(Beginning of Data records)
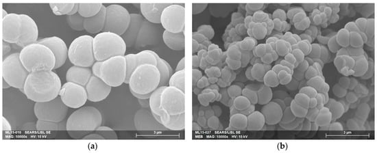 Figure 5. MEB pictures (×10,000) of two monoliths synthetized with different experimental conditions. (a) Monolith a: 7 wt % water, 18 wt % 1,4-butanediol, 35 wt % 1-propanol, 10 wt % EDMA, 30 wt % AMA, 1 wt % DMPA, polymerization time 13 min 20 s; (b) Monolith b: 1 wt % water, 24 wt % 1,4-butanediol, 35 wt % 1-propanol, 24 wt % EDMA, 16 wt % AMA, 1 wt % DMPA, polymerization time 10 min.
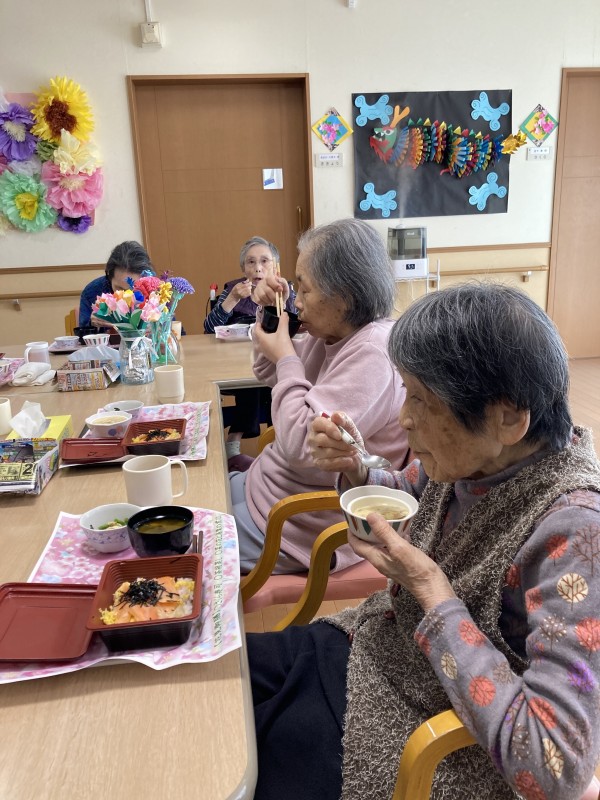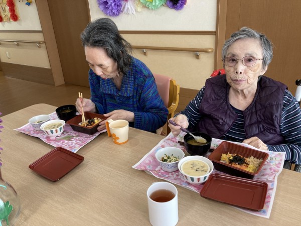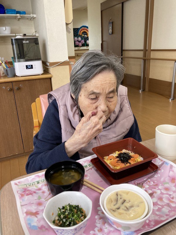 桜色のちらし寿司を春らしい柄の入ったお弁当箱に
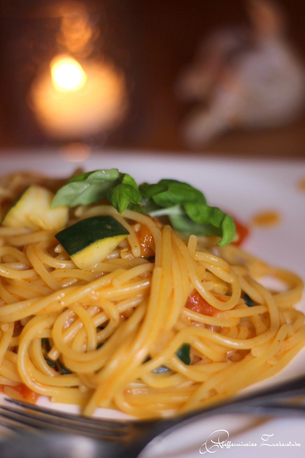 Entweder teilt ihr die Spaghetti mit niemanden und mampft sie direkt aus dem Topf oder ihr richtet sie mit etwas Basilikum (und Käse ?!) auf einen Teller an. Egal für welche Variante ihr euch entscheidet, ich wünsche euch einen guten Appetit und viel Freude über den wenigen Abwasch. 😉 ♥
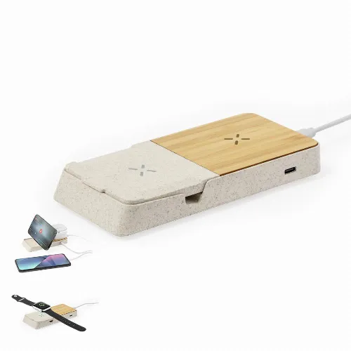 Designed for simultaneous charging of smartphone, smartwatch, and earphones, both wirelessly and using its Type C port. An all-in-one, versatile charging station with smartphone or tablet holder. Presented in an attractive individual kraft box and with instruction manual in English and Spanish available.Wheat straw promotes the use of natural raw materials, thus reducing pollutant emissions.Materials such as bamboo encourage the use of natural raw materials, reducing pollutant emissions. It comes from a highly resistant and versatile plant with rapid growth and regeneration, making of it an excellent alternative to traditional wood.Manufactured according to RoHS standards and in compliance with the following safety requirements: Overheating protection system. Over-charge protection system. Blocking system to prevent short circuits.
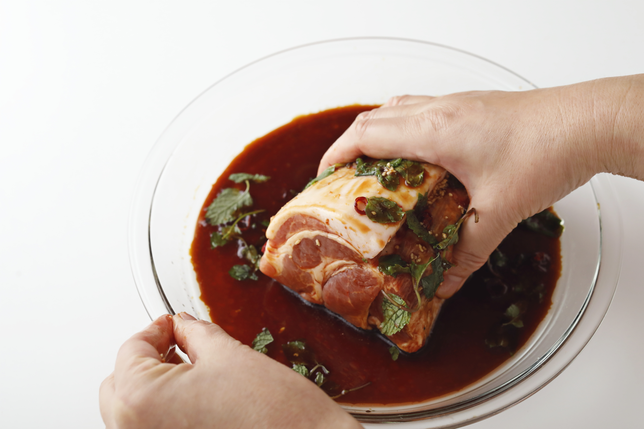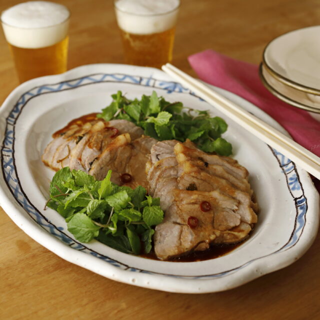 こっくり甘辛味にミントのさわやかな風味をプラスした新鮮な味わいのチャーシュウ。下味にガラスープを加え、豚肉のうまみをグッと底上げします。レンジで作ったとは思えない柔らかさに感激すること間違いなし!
(End of Data records)
Exercise requirements:
Give exactly the lines above that run from the line with "桜色のちらし寿司を春らしい柄の入ったお弁当箱に" to the line with "Entweder teilt ihr", both included, leaving every picture out.

Your solution:
 桜色のちらし寿司を春らしい柄の入ったお弁当箱に
 Entweder teilt ihr die Spaghetti mit niemanden und mampft sie direkt aus dem Topf oder ihr richtet sie mit etwas Basilikum (und Käse ?!) auf einen Teller an. Egal für welche Variante ihr euch entscheidet, ich wünsche euch einen guten Appetit und viel Freude über den wenigen Abwasch. 😉 ♥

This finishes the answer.